Today we’re seeing the third consecutive down day for the “SPDR S&P 500 Trust (SPY – Get Rating)” and today’s doozy. Still, as of this writing, the SPY is only 6% from Monday’s high. This leaves it up a mere 30% from the March low.
So, is this the start of a larger ‘correction’, which is typically defined as a 10% decline, or will be short term breather followed by a quick snap-back?
First, it should be noted the past few days have been characterized by selling in the highly speculative stocks which had been bid up, often beyond any rational price or reason, and have been moving back to the former market leader, notably big cap tech.

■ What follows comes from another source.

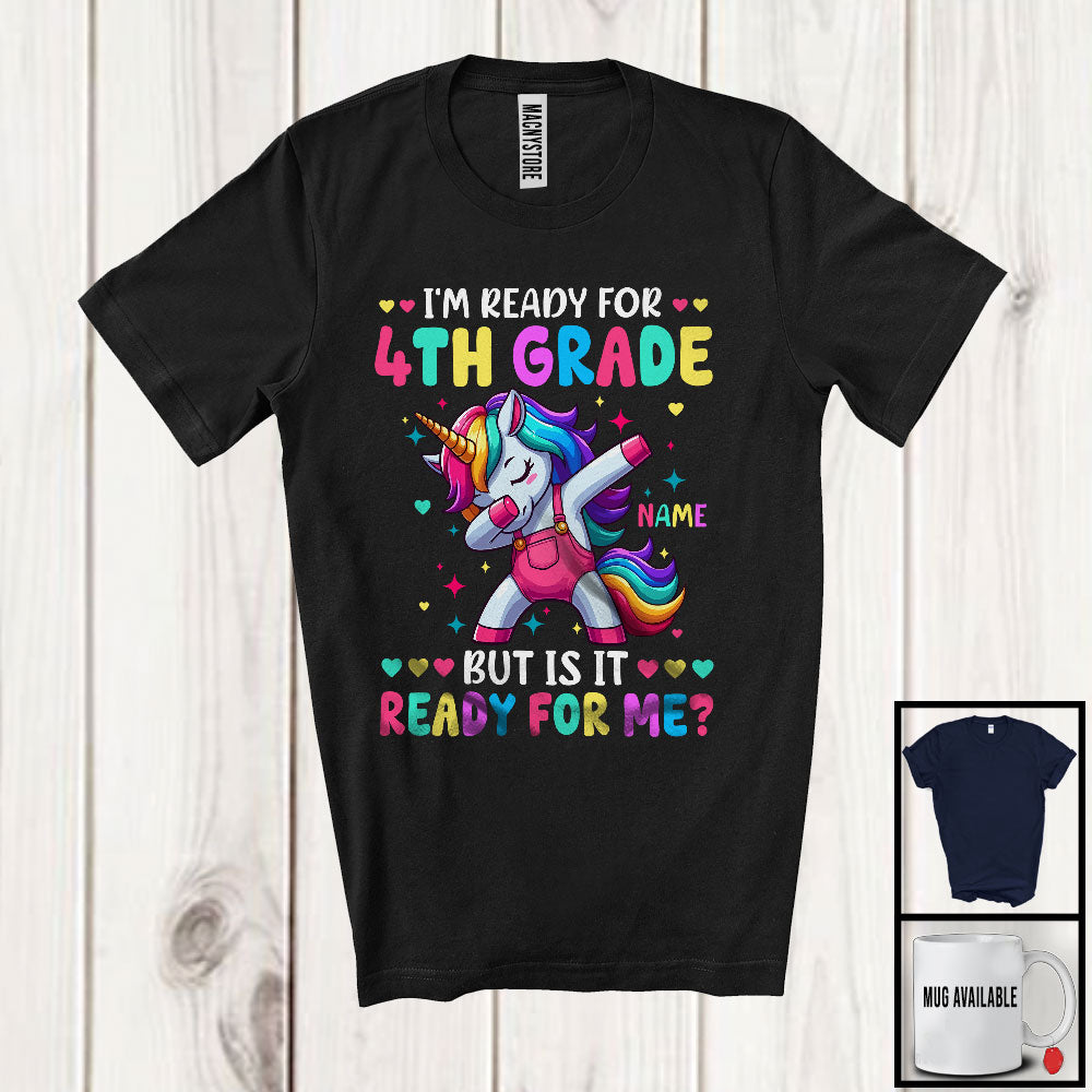 • Personalized Custom Name I'm Ready For 4th Grade; Joyful Back To School Dabbing Unicorn T-Shirt. This cotton t-shirt is a durable staple product with a classic fit. One of the most popular items, it has a relaxed style made for everyday and casual wear.

For example, airlines and cruise ships such as “American Airlines (AAL)” and “Carnival Cruise (CCL) are down some 30% in just the past three trading days. The run-up in ‘trash’ such as bankrupt “Hertz (HTZ)” and “Chesapeake (CHK)” has crashed, down some 95% from their inexplicable 700% run ups.
Meanwhile, “Nasdaq 100 (QQQ)” hit a new high as people rushed back into “Microsoft (MSFT)” and “Apple (AAPL)” which went nearly parabolic yesterday. And today we see some favorites like “Shopify (SHOP)” was actually up as of midday.
Clearly there is still quite a bit of bullishness and residual buying as people might be viewing this decline —which brings us back to where we were just one week ago—suggests there is still a bit of froth that needs to be blown off.
In prior pieces, I’ve pointed to the put/call ratio, which has dropped to near record lows and showed signs of complacency which usually coincided with short-term tops. The action in the options market offers other indicators of the speculative frenzy.
First, there has been a surge in trading S&P 500 futures and SPY options which have less than 48 hours until expiration. Remember, SPY has Monday and Wednesday expirations in addition to the weekly Friday.
Second, the skew in implied volatility has completing inverted.
By this I mean the normal structure is for put options to be more expensive than calls; this is due to investors and money managers typically are buying put for portfolio protection and selling calls to create covered calls.
But this reversed last week as people were reaching for calls and paying a premium to gain upside exposure on the belief the upside is unlimited.